**Work required**.
Omit the pictures, then reproduce exactly the line bearing "下图为烧结钐钴磁铁smco5在不同温度下的退磁曲线" and every line after it up to and including the last line of the entries below.
Information shown Block Start
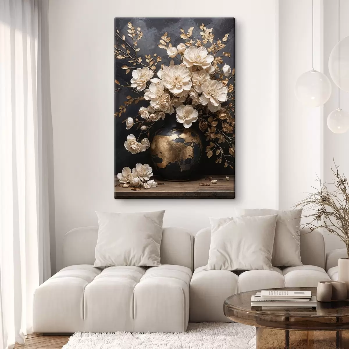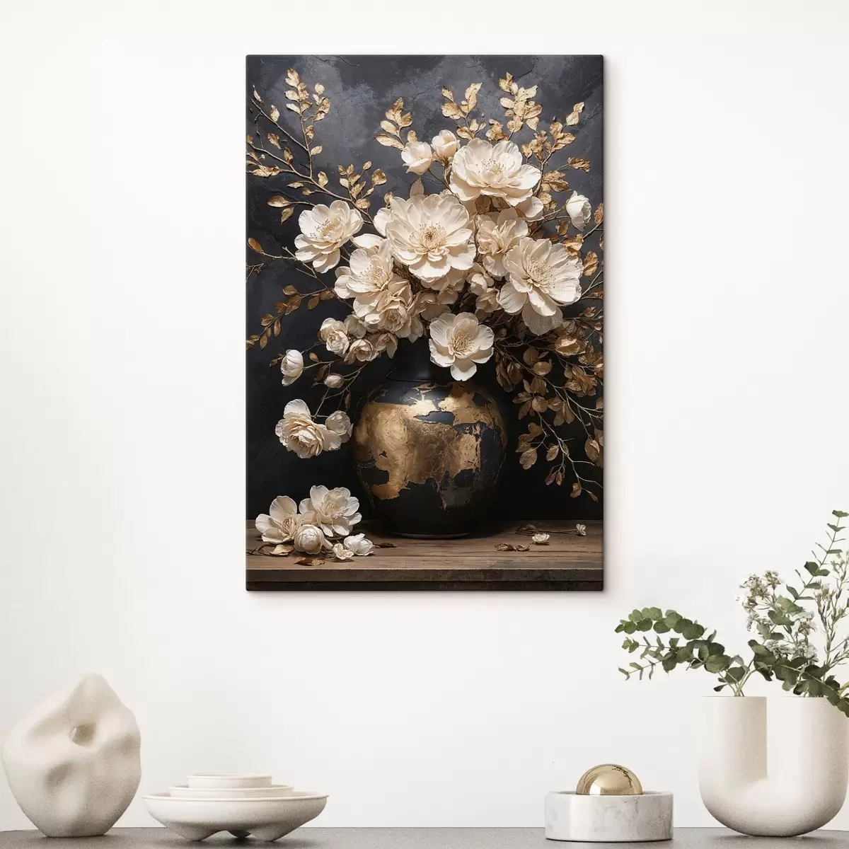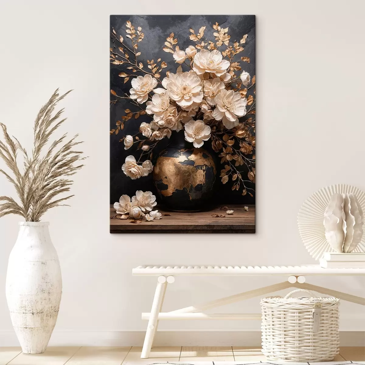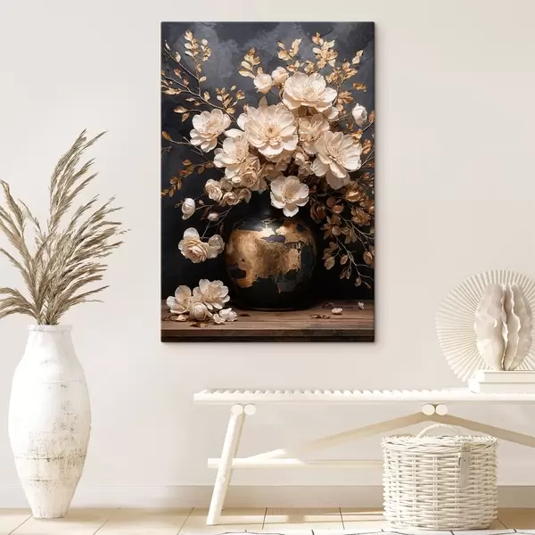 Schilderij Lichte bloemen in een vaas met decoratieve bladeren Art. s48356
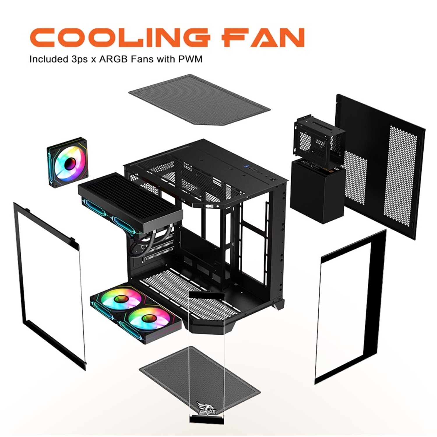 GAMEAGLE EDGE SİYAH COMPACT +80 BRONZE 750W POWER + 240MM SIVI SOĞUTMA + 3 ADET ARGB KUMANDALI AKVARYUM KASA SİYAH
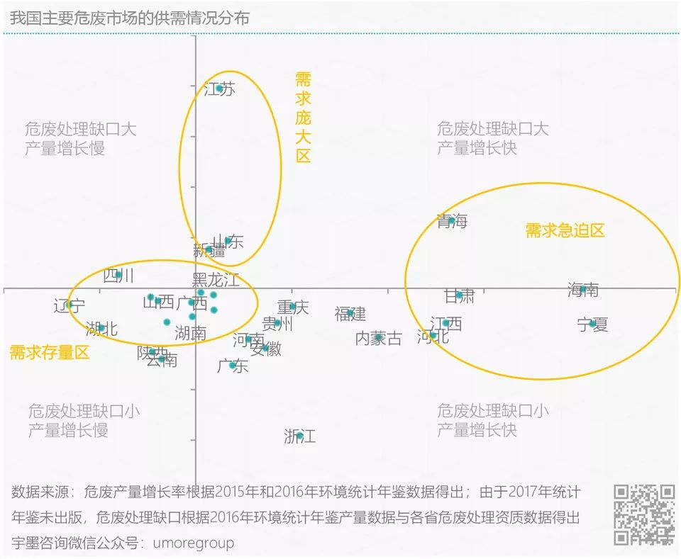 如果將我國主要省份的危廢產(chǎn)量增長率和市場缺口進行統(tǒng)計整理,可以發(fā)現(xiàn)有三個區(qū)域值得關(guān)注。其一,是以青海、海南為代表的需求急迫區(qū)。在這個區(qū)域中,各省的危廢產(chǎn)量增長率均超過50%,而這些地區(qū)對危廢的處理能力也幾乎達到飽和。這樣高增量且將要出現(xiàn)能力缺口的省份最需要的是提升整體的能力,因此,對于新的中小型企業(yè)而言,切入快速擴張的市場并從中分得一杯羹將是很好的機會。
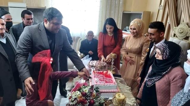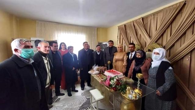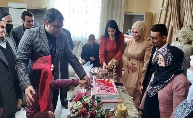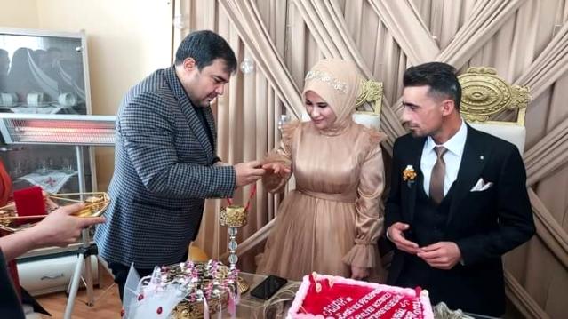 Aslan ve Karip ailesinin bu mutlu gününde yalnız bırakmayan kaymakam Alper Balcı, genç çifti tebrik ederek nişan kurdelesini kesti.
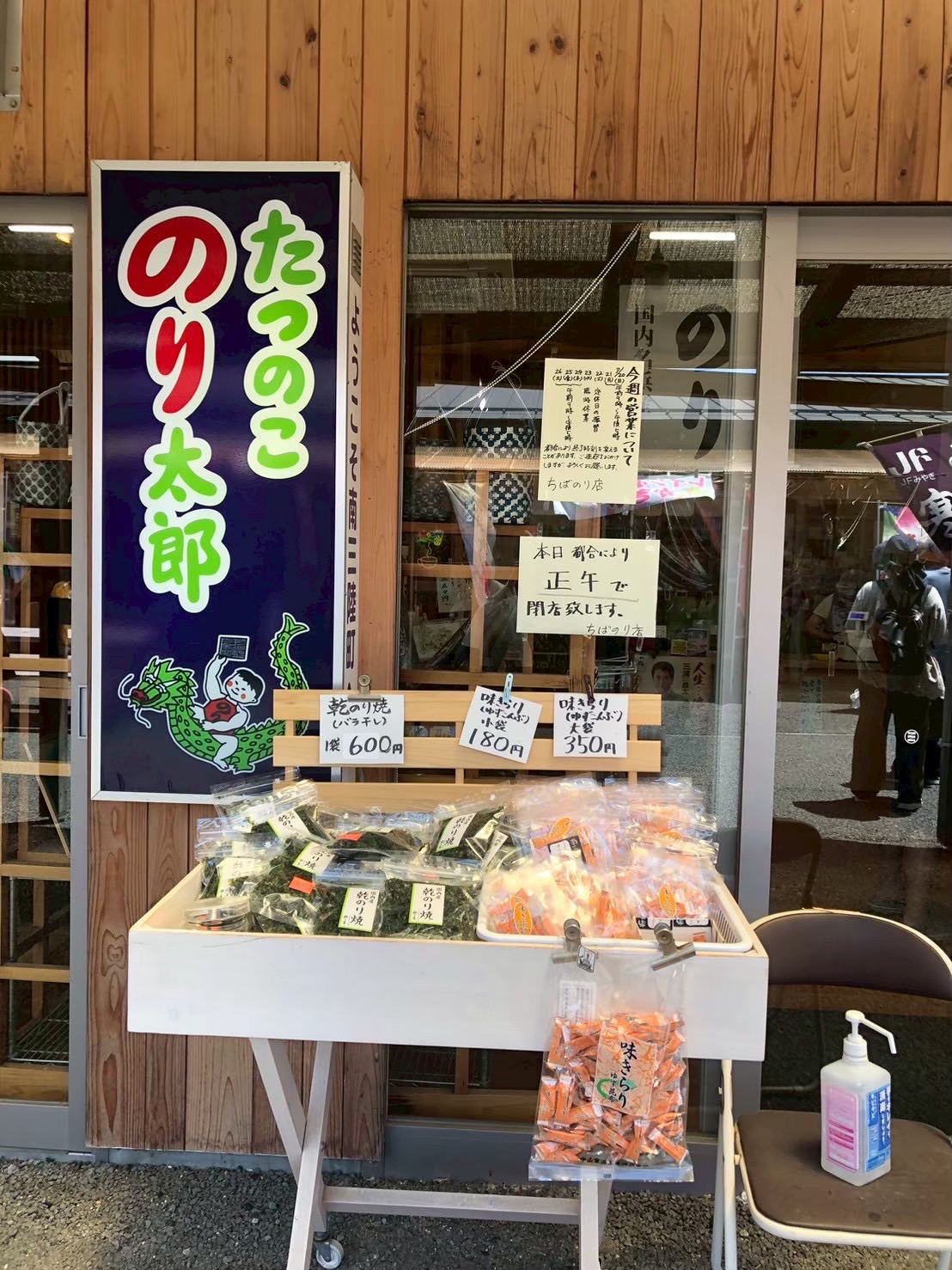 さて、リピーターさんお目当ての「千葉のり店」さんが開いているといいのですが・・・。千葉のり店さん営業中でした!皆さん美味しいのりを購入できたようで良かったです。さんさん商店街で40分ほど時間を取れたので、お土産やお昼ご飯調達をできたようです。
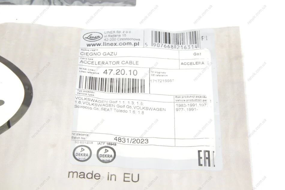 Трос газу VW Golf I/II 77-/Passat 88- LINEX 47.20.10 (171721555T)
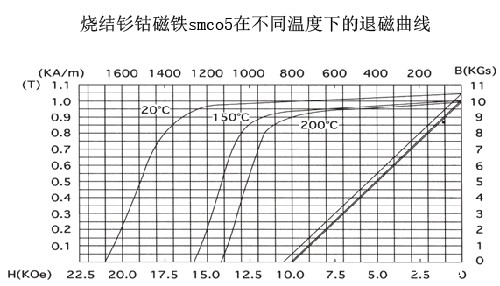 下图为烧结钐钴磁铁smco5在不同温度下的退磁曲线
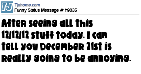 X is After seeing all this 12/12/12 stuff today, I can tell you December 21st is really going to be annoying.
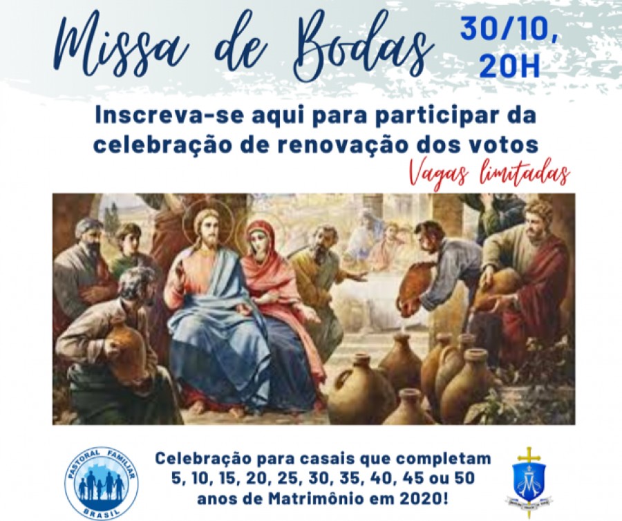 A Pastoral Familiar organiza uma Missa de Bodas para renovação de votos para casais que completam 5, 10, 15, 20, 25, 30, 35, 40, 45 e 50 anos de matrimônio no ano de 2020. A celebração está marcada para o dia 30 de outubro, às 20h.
Information shown Block End
**Response below**.
 下图为烧结钐钴磁铁smco5在不同温度下的退磁曲线
 X is After seeing all this 12/12/12 stuff today, I can tell you December 21st is really going to be annoying.
 A Pastoral Familiar organiza uma Missa de Bodas para renovação de votos para casais que completam 5, 10, 15, 20, 25, 30, 35, 40, 45 e 50 anos de matrimônio no ano de 2020. A celebração está marcada para o dia 30 de outubro, às 20h.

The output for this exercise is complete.